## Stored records
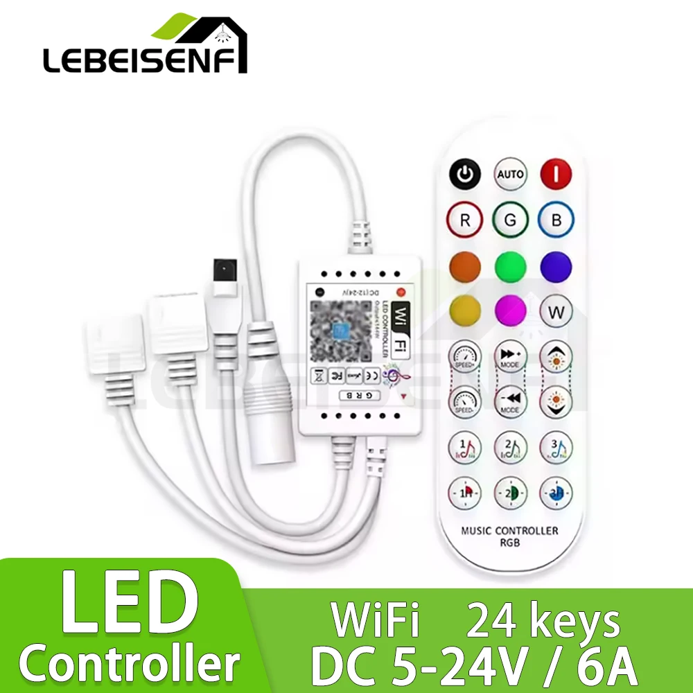 WiFi Dual-Head Dual-Output RGB Music Controller Smart Home Automation IR24-Key Remote LED Strip Lights Control
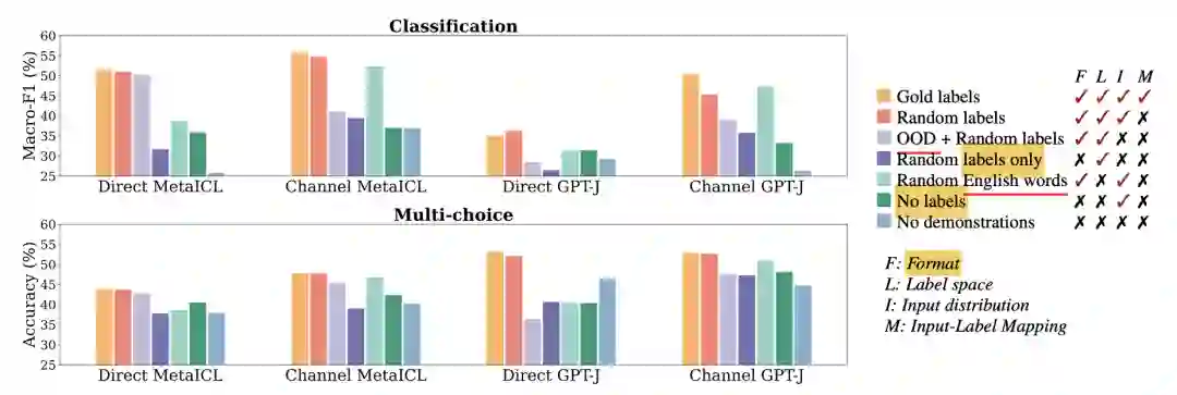 通过给in-context的训练样本赋予随机标签,可以构建随机标注的设置。从下图中可以看出,无论是分类任务(上),还是多项选择任务(下),随机标注设置下(红)模型表现均和正确标注(黄)表现相当,且明显超过没有in-context样本的zero-shot 设置(蓝)。
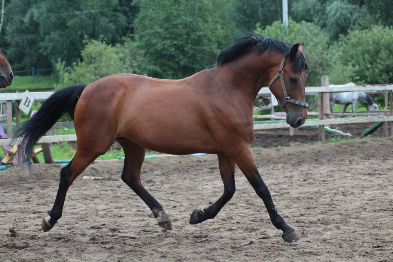 Необыкновенно смелый, могу ему доверить решать, стОит нам идти в какую-нибудь сомнительную канаву/речку или нет. Для меня это самая безопасная лошадь, ездила всю беременность, пока живот не уперся в переднюю луку. Удобный и мягкий, подвеска, как у дорогого лимузина. Но в полях рысит только махом. На карьере сижу, даже потерявши стремена, уверенно.
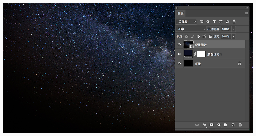 转到文件>置入链接的智能对象,打开Cosmos图片。根据需要调整大小,并将其重命名为背景图 片。
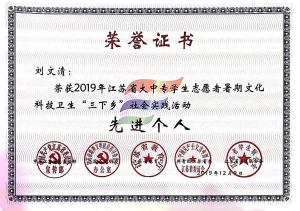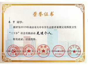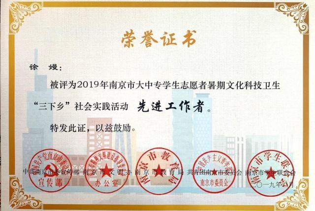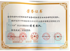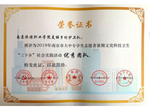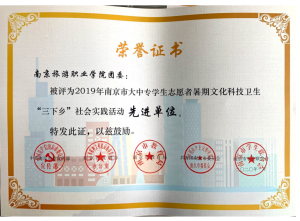 近日,在江苏省省委宣传部、省文明办、省教育厅、团省委、省学联联合组织开展的2019年江苏省大中专学生志愿者暑期文化科技卫生“三下乡”社会实践活动评选中,我院团队和个人荣获省级奖项3项和市级奖项9项,其中“印象南旅·走进空港观察团”荣获省级“优秀团队”、刘文清同学荣获省级“先进个人”、“石塘人家乡村旅游区旅游服务质量评价及其对游客满意度的影响”荣获省级“优秀调研报告”,我院团委荣获市级暑期社会实践活动“先进单位”,“美丽乡村护卫队”等3个团队荣获市级“优秀团队”,“旅游中游客对餐饮需求的社会调研实践团队”荣获市级“优秀调研报告”,徐嫚和龙宇等4人分别获得市级“先进工作者”和“先进个人”。
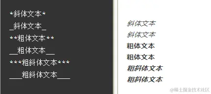 斜体文本:可以在需要标注为斜体文本前及斜体文本结尾,输入一个星号*或者一个下划线_
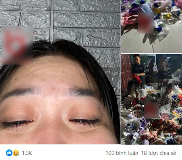 Theo hình ảnh và nội dung bài đăng, toàn bộ hoa được bày bán đều bị dính mắm tôm, cô gái phải nhờ thêm 2-3 người thân cùng nhau dọn dẹp đến khuya mới xong.
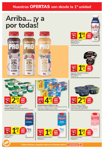 Nuestras OFERTAS son desde la 1%u00aa unidadEstas ofertas y muchas m%u00e1s en la tienda online consum.esArriba%u2026 %u00a1y a por todas!249 2 %u20ac 99%u20acANTES:Postre proteico 0%0% ar%u00e1ndanos YoPro Danonepack 4x120 g (1 kg: 519 %u20ac)AHORAM%u00c1S 2 BARATO19 2 %u20ac 69%u20acANTES:Activia natural, 0% naturalo 0% natural edulcoradoDanone PACK 4x120 g (1 kg: 456 %u20ac)AHORAM%u00c1SBARATO 495 5 %u20ac 99%u20acANTES:Actimel Danone PACK 12 uds.Natural o Natural 0%0% 12x99 ml (1 l: 417 %u20ac)Kids fresa 12x94 ml (1 l: 439 %u20ac)AHORAM%u00c1SBARATO159 1 %u20ac 89%u20acANTES:K%u00e9fir sabor fresaNestl%u00e9 500 g (1 kg: 318 %u20ac)AHORAM%u00c1SBARATO169 1 %u20ac 99%u20acANTES:Copa de chocolate proteica Ehrmann 200 g(1 kg: 845 %u20ac)AHORAM%u00c1SBARATO119 1 %u20ac 29%u20acANTES:Leche desnatada Pascual 1 lAHORAM%u00c1S 1 BARATO25 1 %u20ac 35%u20acANTES:Leche semidesnatadaPascual 1 lAHORAM%u00c1S 1BARATO29 1 %u20ac 39%u20acANTES:Leche entera Pascual 1 lAHORAM%u00c1SBARATO
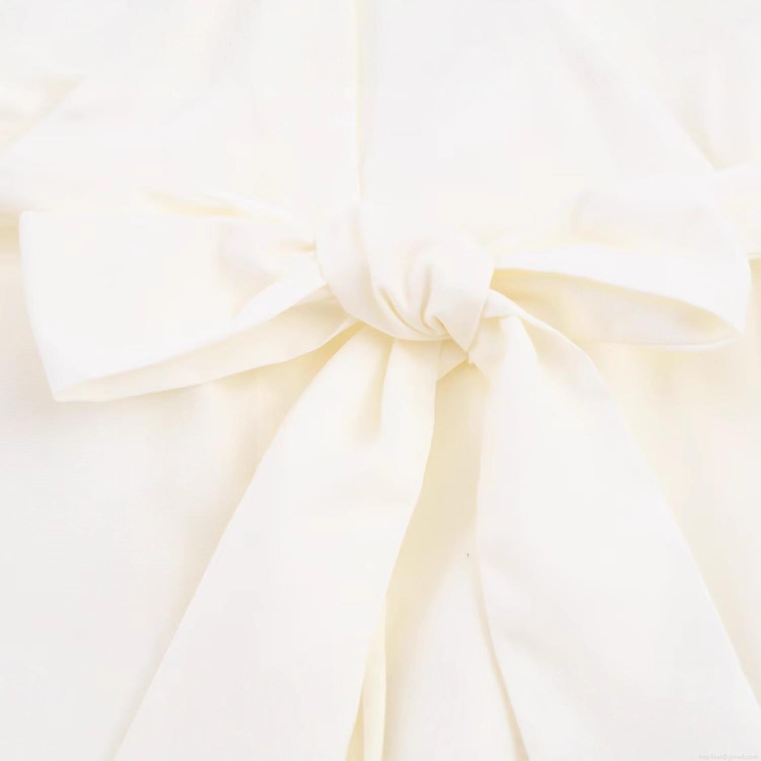 Solid Color, Bow, V-neck, Puff Sleeves, Single-breasted, Waist Tie
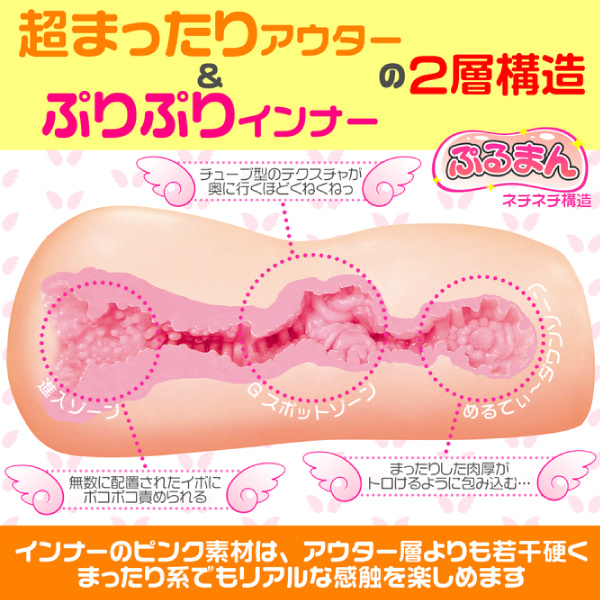 トロけるような極上の快感が楽しめるオナホールふわっとトロける天使のぷるまん!超まったりアウターとプリプリのインナーがもたらす、トロける柔らかさとリアルな刺激の奇跡の融合!!可愛いタテスジの挿入部を広げるとピンク色のアソコが解禁される、思わず挿入したくなるオマ○コ。生態的に複雑にうごめく非貫通のリアル膣内がぷりぷり、ぐちょぐちょ絡み付きます♪日本製で、食品衛生法基準370号準拠素材を使用しているので安心してお使いいただけます。本体サイズ:17.0×Φ9.0cmパッケージサイズ:13.7×23.2×8.3cm重量:580g
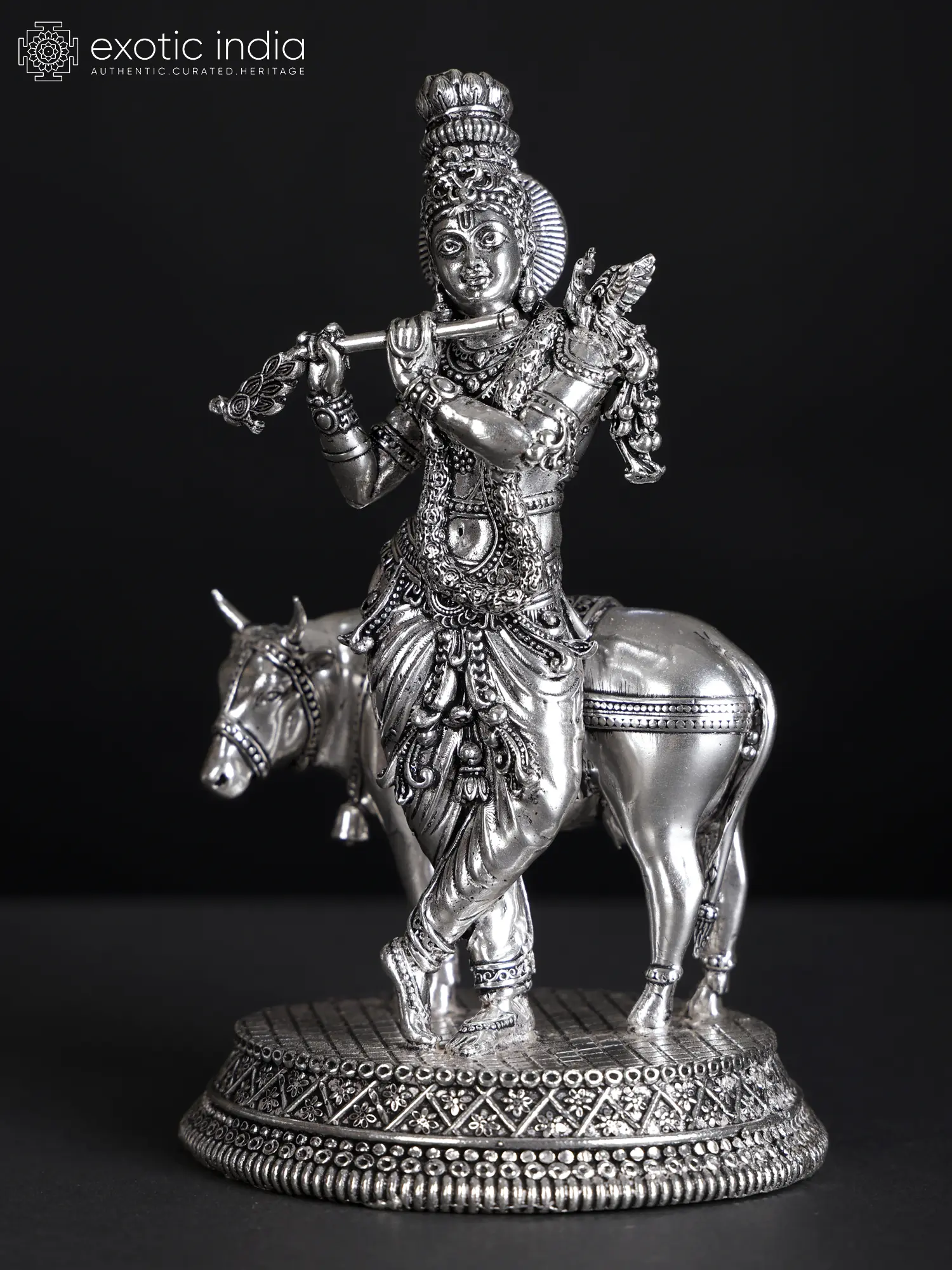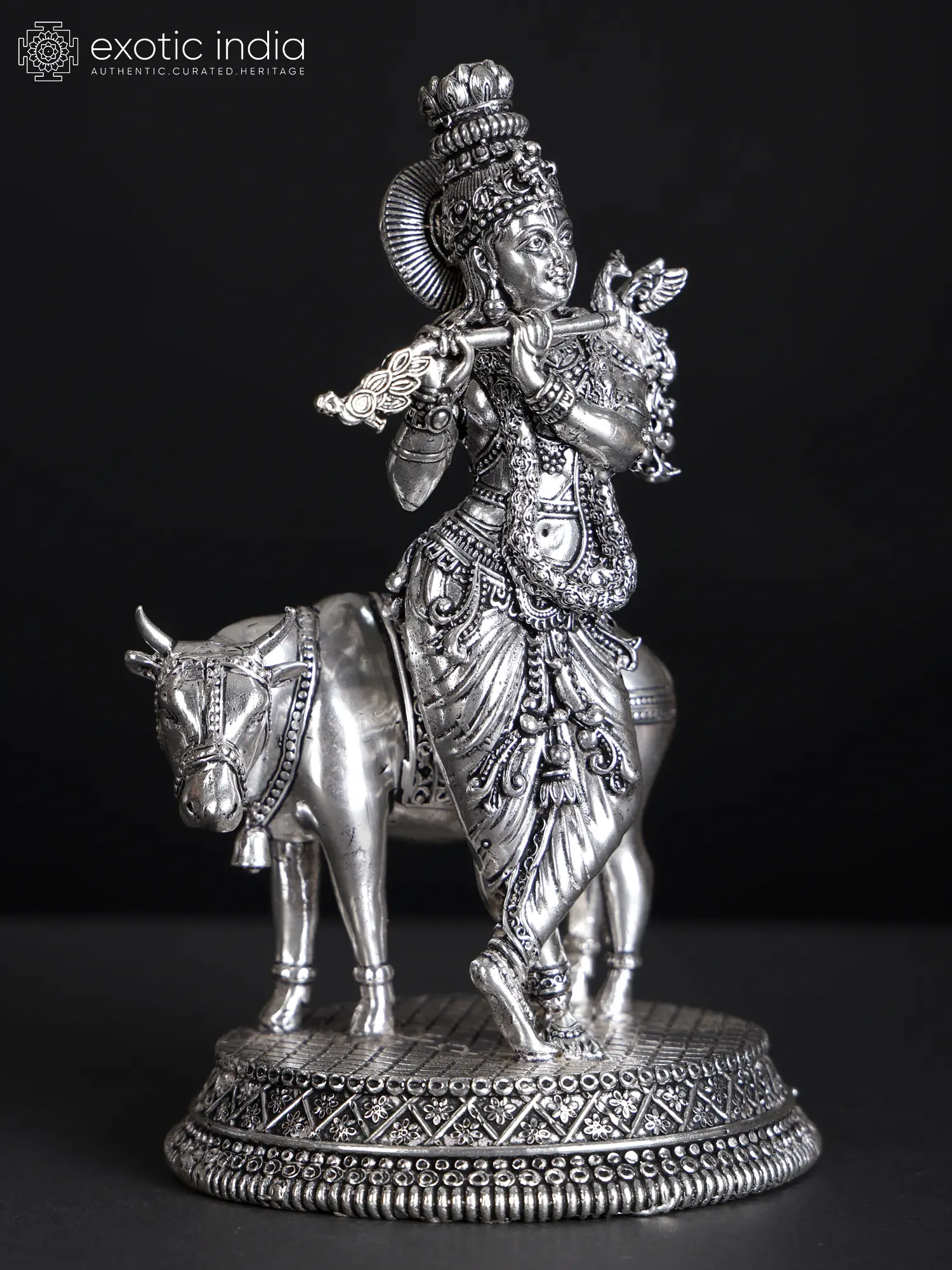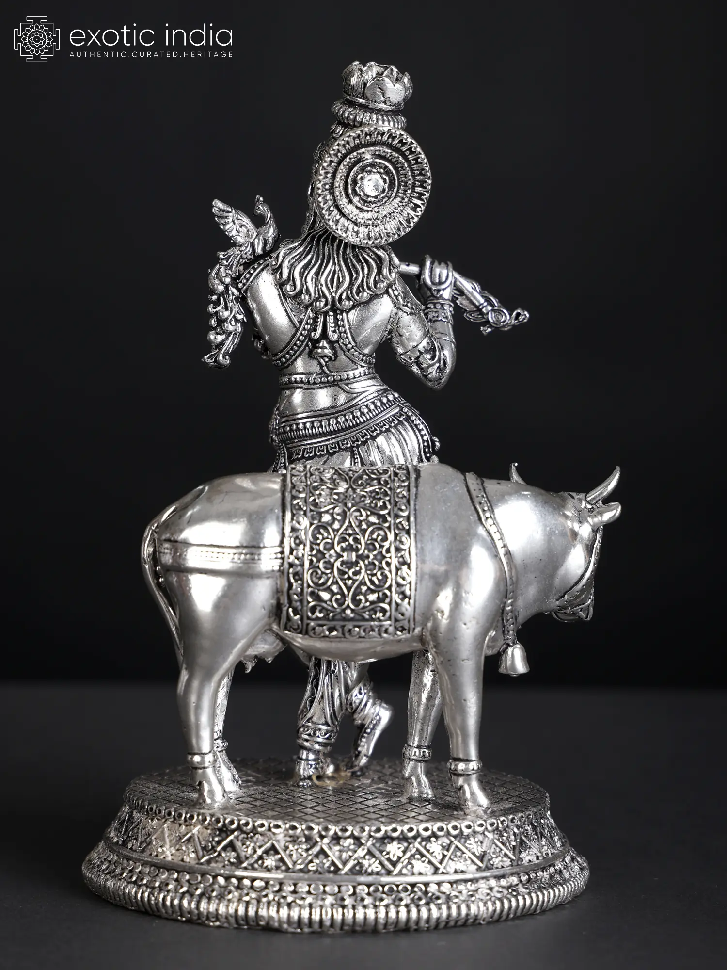 Krishna is accompanied by Gau Mata, who stands behind him on the pedestal, and a Mayura, perched on his shoulder- a symbol of beauty and romance that finds nourishment in the sweetness of Krishna’s Murli.

## DIRECTIONS FOR THIS TASK
Go from the first line of the data above to the line containing "斜体文本:可以在需要标注为斜" and retype exactly those lines, both included, but none of the pictures.

## EXERCISE RESULT
 WiFi Dual-Head Dual-Output RGB Music Controller Smart Home Automation IR24-Key Remote LED Strip Lights Control
 通过给in-context的训练样本赋予随机标签,可以构建随机标注的设置。从下图中可以看出,无论是分类任务(上),还是多项选择任务(下),随机标注设置下(红)模型表现均和正确标注(黄)表现相当,且明显超过没有in-context样本的zero-shot 设置(蓝)。
 Необыкновенно смелый, могу ему доверить решать, стОит нам идти в какую-нибудь сомнительную канаву/речку или нет. Для меня это самая безопасная лошадь, ездила всю беременность, пока живот не уперся в переднюю луку. Удобный и мягкий, подвеска, как у дорогого лимузина. Но в полях рысит только махом. На карьере сижу, даже потерявши стремена, уверенно.
 转到文件>置入链接的智能对象,打开Cosmos图片。根据需要调整大小,并将其重命名为背景图 片。
 近日,在江苏省省委宣传部、省文明办、省教育厅、团省委、省学联联合组织开展的2019年江苏省大中专学生志愿者暑期文化科技卫生“三下乡”社会实践活动评选中,我院团队和个人荣获省级奖项3项和市级奖项9项,其中“印象南旅·走进空港观察团”荣获省级“优秀团队”、刘文清同学荣获省级“先进个人”、“石塘人家乡村旅游区旅游服务质量评价及其对游客满意度的影响”荣获省级“优秀调研报告”,我院团委荣获市级暑期社会实践活动“先进单位”,“美丽乡村护卫队”等3个团队荣获市级“优秀团队”,“旅游中游客对餐饮需求的社会调研实践团队”荣获市级“优秀调研报告”,徐嫚和龙宇等4人分别获得市级“先进工作者”和“先进个人”。
 斜体文本:可以在需要标注为斜体文本前及斜体文本结尾,输入一个星号*或者一个下划线_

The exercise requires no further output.